Here’s what happened after that rally, in the words of Oakland Education Association president Betty Olson-Jones (one of those arrested on Monday).

“By later in the afternoon, scores of UC Santa Cruz students had arrived, drawn to support teachers and occupy the State Capitol -- after all, that's what they'd heard CTA was planning to do! So when CTA members filed into the Rotunda at 5pm -- as planned -- to chant and march, the students joined us in a lively, energetic show of solidarity. And that's where CTA leadership got scared, started pulling (literally!) blue shirts from the crowd and ushering them to a side hall. When many of us just kept on circling the Rotunda chanting, some of them got angry started yelling at us to leave. We didn't. The irony (among many) is that CTA had a permit until 6pm! There was no reason to abandon the demonstration at 5:10, except that it wasn't under CTA's control. They were upset that the students were "taking over their action"! The reality is that the students had been unfailingly respectful, asking me and others how they could support us. What kind of a message did it send to the students when CTA leaders pulled teachers out of the Rotunda? They later told us in jail that they felt CTA had abandoned all of us. Had more teachers stayed it would have been an extraordinary opportunity to act in unison with our allies, the students.

“By 5:30 most CTA teachers had been moved out of the building (having been told by CTA staff and leadership that we faced immediate arrest and that our permit allowed us to sing, not chant (!)), and went to "rally" outside.”
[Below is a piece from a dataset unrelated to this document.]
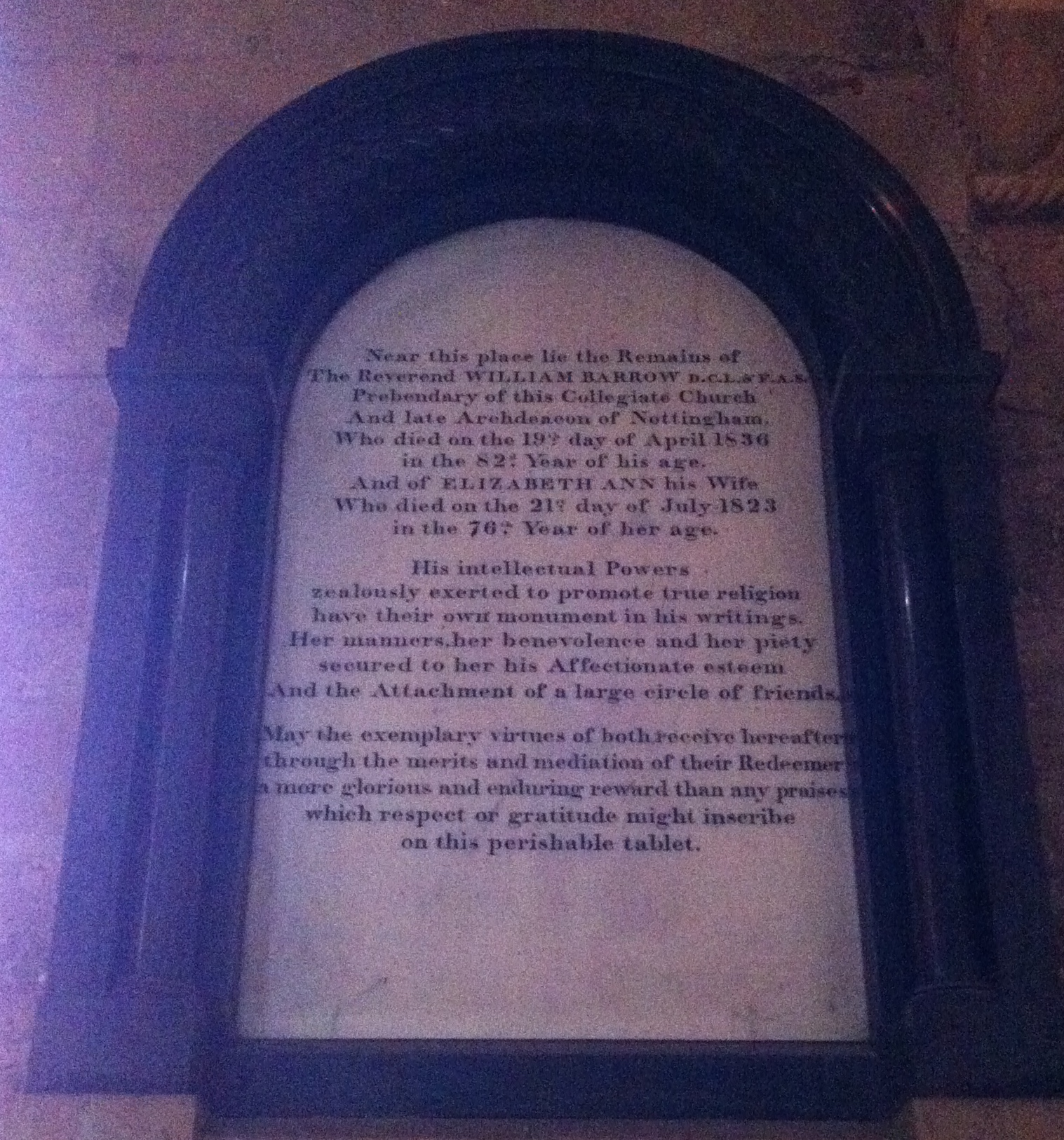 Reverend William Barrow, DCL, Prebendary of this Collegiate Church, and late Archdeacon of Nottingham, who died 19 April 1836 in the 82nd year of his age, and of Elizabeth Ann his wife, who died on the 21 July 1823 in the 76th year of her age.

And so the leadership tried to squash the Monday occupation, opting instead for a late-week “on-message” tame action unambiguously supporting Brown and demanding that the Republicans stop blocking the regressive tax extensions.

Unfortunately, despite their unquestioned courage and commitment, the “short term / long term” approach adopted by some of the Monday occupiers (OEA’s Olson-Jones included) is, at best, inadequate. Brown’s proposal – supported by Sanchez and by State Council is for a five-year extension of the regressive taxes. If five years is short term, what is long term? Furthermore, vague calls for “long-term” progressive taxation are already condensing into proposals for modest increases to high-end income taxes and equally modest adjustments to corporate taxation.

The fact is, CTA leadership’s short-term and long-term strategies are identical. They are to co-opt dissent and channel it into the Democrats; provide massive funding for Brown and Democratic politicians; phone-bank for Democratic candidates; usher incipient mass movements off the streets and into lobbying, phone banking, fundraising, etc. And the Democrats’ strategy – short-term, long-term, and in-between-term – can be summarized in one word: austerity. This is more than just a California strategy. In state legislature after state legislature, Democrats and Republicans agree that public worker unions and pensions and essential public programs must be rolled back, and labor bureaucrats support this call for “shared sacrifice”.

Fighting austerity requires a mass movement that rejects the whole notion of “shared sacrifice” and insists on rolling back all the cuts and all the layoffs and getting the money that’s needed from the banks, from the corporations, and from wealth (earned and inherited). The old slogans still apply: People before profits; Make the bosses pay!